(Beginning of SOURCE DATA)

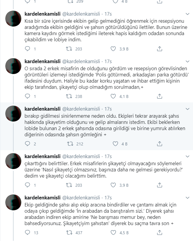 Ekibi beklerken lobide bulunan 2 erkek şahsında odasına girildiği ve birine yumruk atılırken diğerinin odasında şahsın gömleğini çıkarttığını belirttiler. Erkek misafirlerin şikayetçi olmayacağını söylemeleri üzerine ‘Nasıl şikayetçi olmazsınız, başınıza daha ne gelmesi gerekiyordu?’ dedim ve şikayetçi olacağımı belirttim.
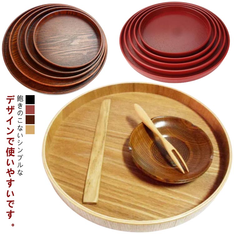 2枚セット 木製 トレー 丸盆 木製トレー カフェトレー 北欧 お盆 漆塗り 木製トレイ 丸 丸形 木目 ラウンドトレー おぼん おしゃれ キッチントレー ナチュラル シンプル 和食 大きい
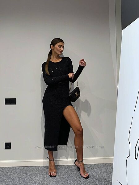 Подробное описание: Вечірня блискуча облягаюча сукня міді з паєтками з розрізом на нозі чорна
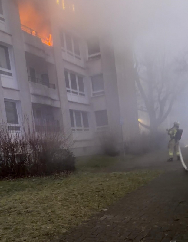 Der Silvestertag begann für die Feuerwehr Remscheid mit einem Balkonbrand in der Otto-Hahn-Straße. Eine Fußgängerin hatte gegen 08:05 Uhr den Brand bemerkt und umgehend den Notruf gewählt. Als die ersten Feuerwehrkräfte eintrafen, stand der Balkon bereits im Vollbrand. Die Scheiben zu der dahinterliegenden Wohnung waren geborsten, so dass auch diese bereits verraucht war. Die Feuerwehr begann sofort damit, dass Feuer auf dem Balkon und teilweise bereits in der Wohnung von außen sowie von innen zu löschen. Parallel dazu wurden zwei Drehleitern in Stellung gebracht um eine weitere Brandausbreitung zu verhindern und gegebenenfalls Personen aus dem Gebäude zu retten. Die Bewohner der betroffenen Wohnung konnten sich zum Glück bereits vor dem Eintreffen der Feuerwehr in Sicherheit bringen und wurden durch den Rettungsdienst betreut. Da die schwangere Mutter der vierköpfigen Familie geringe Mengen an Brandrauch eingeatmet hatte, wurde sie zur Abklärung ins Krankenhaus gebracht. Die Wohnung ist nach dem Brandereignis nicht mehr bewohnbar, so dass die ganze Familie die Silvesternacht bei Verwandten verbringen muss. Die Familienkatze, die zwischenzeitig von der Feuerwehr aus der Wohnung gerettet wurde, wird vorübergehend im Tierheim betreut. Aufgrund der starken Rauchentwicklung wurden auch alle anderen Wohnungen des Mehrfamilienhauses kontrolliert. Verletzt wurde hier zum Glück niemand.

(End of SOURCE DATA)

**WHAT THE EXERCISE ASKS**. Word for word, restate each line above, minus its pictures.

**EXERCISE RESULT**.
 Ekibi beklerken lobide bulunan 2 erkek şahsında odasına girildiği ve birine yumruk atılırken diğerinin odasında şahsın gömleğini çıkarttığını belirttiler. Erkek misafirlerin şikayetçi olmayacağını söylemeleri üzerine ‘Nasıl şikayetçi olmazsınız, başınıza daha ne gelmesi gerekiyordu?’ dedim ve şikayetçi olacağımı belirttim.
 2枚セット 木製 トレー 丸盆 木製トレー カフェトレー 北欧 お盆 漆塗り 木製トレイ 丸 丸形 木目 ラウンドトレー おぼん おしゃれ キッチントレー ナチュラル シンプル 和食 大きい
 Подробное описание: Вечірня блискуча облягаюча сукня міді з паєтками з розрізом на нозі чорна
 Der Silvestertag begann für die Feuerwehr Remscheid mit einem Balkonbrand in der Otto-Hahn-Straße. Eine Fußgängerin hatte gegen 08:05 Uhr den Brand bemerkt und umgehend den Notruf gewählt. Als die ersten Feuerwehrkräfte eintrafen, stand der Balkon bereits im Vollbrand. Die Scheiben zu der dahinterliegenden Wohnung waren geborsten, so dass auch diese bereits verraucht war. Die Feuerwehr begann sofort damit, dass Feuer auf dem Balkon und teilweise bereits in der Wohnung von außen sowie von innen zu löschen. Parallel dazu wurden zwei Drehleitern in Stellung gebracht um eine weitere Brandausbreitung zu verhindern und gegebenenfalls Personen aus dem Gebäude zu retten. Die Bewohner der betroffenen Wohnung konnten sich zum Glück bereits vor dem Eintreffen der Feuerwehr in Sicherheit bringen und wurden durch den Rettungsdienst betreut. Da die schwangere Mutter der vierköpfigen Familie geringe Mengen an Brandrauch eingeatmet hatte, wurde sie zur Abklärung ins Krankenhaus gebracht. Die Wohnung ist nach dem Brandereignis nicht mehr bewohnbar, so dass die ganze Familie die Silvesternacht bei Verwandten verbringen muss. Die Familienkatze, die zwischenzeitig von der Feuerwehr aus der Wohnung gerettet wurde, wird vorübergehend im Tierheim betreut. Aufgrund der starken Rauchentwicklung wurden auch alle anderen Wohnungen des Mehrfamilienhauses kontrolliert. Verletzt wurde hier zum Glück niemand.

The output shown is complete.